- Created by: Brian Cosgrove; Mark Hall;
- Starring: Richard Briers; Jimmy Hibbert; Myfanwy Talog; Brian Trueman; Brian Wilde;
- Opening theme: "Alias the Jester" by Keith Hopwood and Malcolm Rowe
- Country of origin: United Kingdom
- Original language: English
- No. of episodes: 13

Production
- Executive producer: John Hambley
- Running time: 10 minutes
- Production company: Cosgrove Hall Productions

Original release
- Network: ITV (CITV)
- Release: 13 November 1985 – 20 February 1986

= Alias the Jester =

British animated television series

Alias the Jester is a British animated series created by Cosgrove Hall Productions, airing in 13 episodes on ITV starting on 13 November 1985. The Australian Broadcasting Corporation aired the show in 1987 during their after school timeslot and it is considered one of the Classic ABC shows. The show was also aired on TVNZ. GBC TV in Gibraltar aired the series several times in the late 1980s, mainly as a filler during the children's 6:30pm–7:30pm weekday slot.

It won the BAFTA Award for Best Short Animation at the 39th British Academy Film Awards.

==Synopsis==
The show follows the adventures of a time traveller by the name of Alias and his dog-like companion Boswell. After their malfunctioning ship gets stuck in the Earth's magnetic pole, they crash-land in a Middle Age kingdom called Houghton Bottoms, ruled by the diminutive King Arthur and his wife Queen Edith with their daughter Princess Amaranth.

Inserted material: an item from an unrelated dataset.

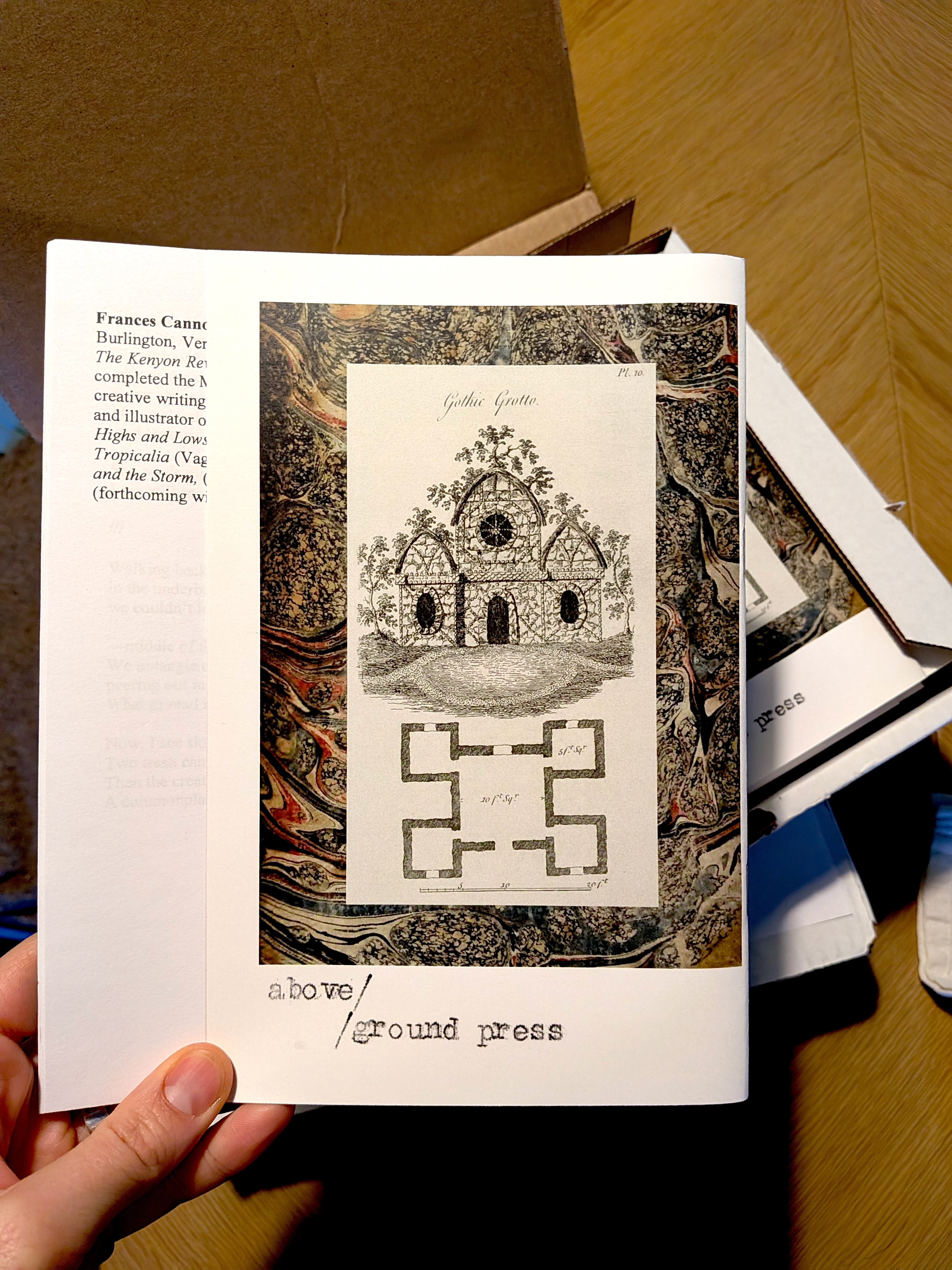 I have a new chapbook of poems, “Grotto,” published by above/ground press.

Taking up a secret identity of sorts as Alias the Jester, he gains employment at the court and befriends the bumbling court wizard Meredith. When the situation calls for it, Alias instantly changes back into his red uniform, which enables him to fly, and a degree of super strength, which he can use to face the various villains of the show. Each episode inevitably ends with Arthur firing Alias and Meredith (exception being the initial episode in which Arthur proclaims "you're hired").

==Characters==
Alias the Jester – A "time traveller bold" as said in the title track. After crashing in the Middle Ages he gets a job as a jester for King Arthur. He also fights crime as the Red Knight, who the wizard Meredith believes he summoned. Alias is a stereotypical hero in many ways, possessing an urge to do what is right; however, he also has a distinct but subtle sarcastic edge, which he sometimes uses in conversation, especially with Meredith. The feathers on his head appear to be part of his head rather than his suit as they are seen moving and could be the source of his flight.

Boswell – Alias' dog-like alien companion, apparently possessing a fairly high intellect as he is able to understand Alias and take orders. He is, however, only able to communicate with beeping and honking sounds, which presumably make up his language. Often he is among the first to sense danger.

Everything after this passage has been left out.